Clara stretched, yawned, and pressed the little button to shut off her alarm. She slid out of bed, showered, then slipped on a summer dress and twisted and clipped her long greying hair into a knot.
She stood back and admired herself in the mirror, noting that while she wasn’t as slender as she’d once been, she was still beautiful, elegant even. She then grabbed her purse and made her way to the elevator.
Clara and Margaret, her neighbor and former oldest friend, usually arrived at the elevator at the same time, and Clara was somewhat unsettled by her absence. As she rode down the lift, she tried to recall the last time Margaret had failed to make her appearance, and she couldn’t remember a single time. About the only thing Clara respected about Margaret was her strict adherence to routine, the two shared that trait. She was annoyed by this breach of Margaret’s routine, as it disrupted her own.
Clara rode down to the main floor and entered the little café. She glanced at her watch; 8:45. Good, I’m early. Richard won’t be here for another fifteen minutes. Richard Everett was her lover, a distinguished artist. She smiled at the memory of Margaret’s face when she’d heard. Margaret had been chasing Richard for months, but Clara had known better. Men don’t want to be chased, they want to be lured. She lured Richard, but she knew she needed to be careful. Margaret wouldn’t give up, and she did stand a chance. Margaret was low class, certainly, but she was also beautiful, and younger than Clara by fifteen years. And Richard, for his part, was only a man.
Clara felt her chest tighten up at the thought. She took a deep breath, and carefully placed an expression of relaxed indifference on her face. She ordered tea and scones.
The minutes ticked by, the tea and scones came, and she nibbled a bit. Richard didn’t come. The question of why she hadn’t met Margaret at the elevator began to eat at her. Clara’s face felt too hot, and she dabbed at her forehead with her napkin. Neither Richard nor Margaret were where they were supposed to be. Clara tossed her napkin on the table. The waitress gave her a nervous look as she ran back to the elevator.
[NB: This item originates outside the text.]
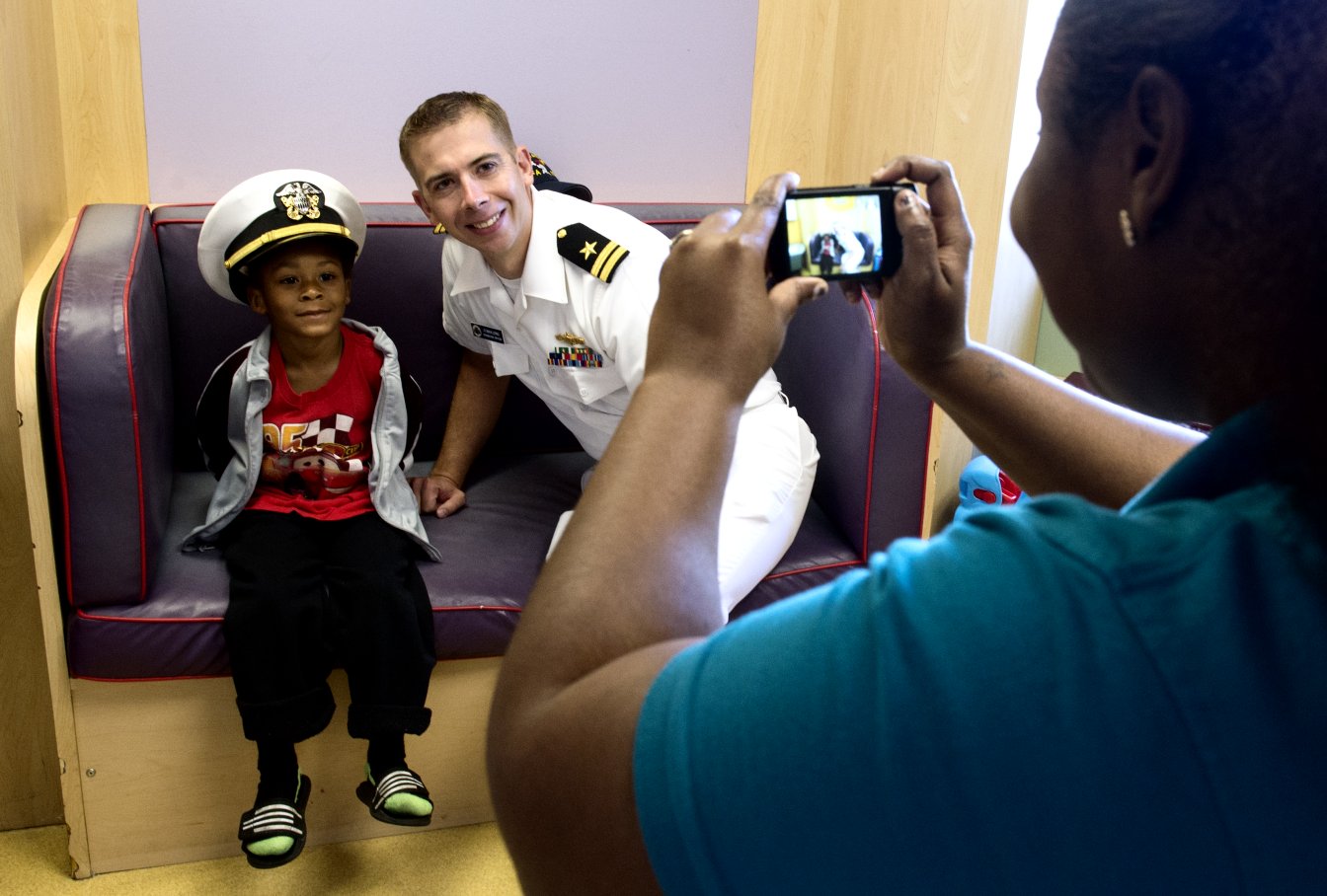 child during a Caps for Kids event at the Children's Hospital of Michigan as part of Detroit Navy Week. Navy Weeks focus a variety of assets, equipment and personnel on a single city

At Richard’s door she tried to calm down, telling herself that she could be wrong, and knocked. No answer. She knocked again, this time louder, then she called for him. Again, no answer. Finally Clara flung open the door and stormed into Richard’s room. There he sat on the edge of his bed, his long grey hair a stringy mess. Next to him sat a half-naked Margaret.
“You tramp! You thing!” Clara yelled, flinging herself at Margaret. She ripped and she pulled at Margaret’s hair, slapping her and screaming. Soon two men rushed in.
Clara felt a prick in her arm, and sometime later she awoke. She was lying in a bare room with mint green walls on a stretcher, strapped down in restraints. She lifted her head as much as she could, still groggy from the sedative and antipsychotic, and saw her doctor standing in the doorway.
“I’ve gone again, haven’t I?” she mumbled. He nodded.
“Staff noticed a problem in the cafeteria and called security. By the time they found you, you were in Richard’s old room, fighting your sister’s ghost again, I imagine.” This time Clara nodded. “It’s lucky the room isn’t occupied at the moment Clara, you could have hurt someone. Have you been vomiting up your meds again?” He took a few steps closer and his face came into light. Clara smiled a bit through the haze. He was kind, and he looked like her father did when she was a little girl. Dapper, that’s the word.
“They make me foggy. I can’t think, can’t write. Can I go back to my room now?” she asked.
“No, Clara. Not yet. Soon. We just need to draw some blood first, check those levels.” Clara laid her head back down, it was so heavy. She stared at the ceiling until the dots began to swirl. I’ll always be broken, I can’t be fixed.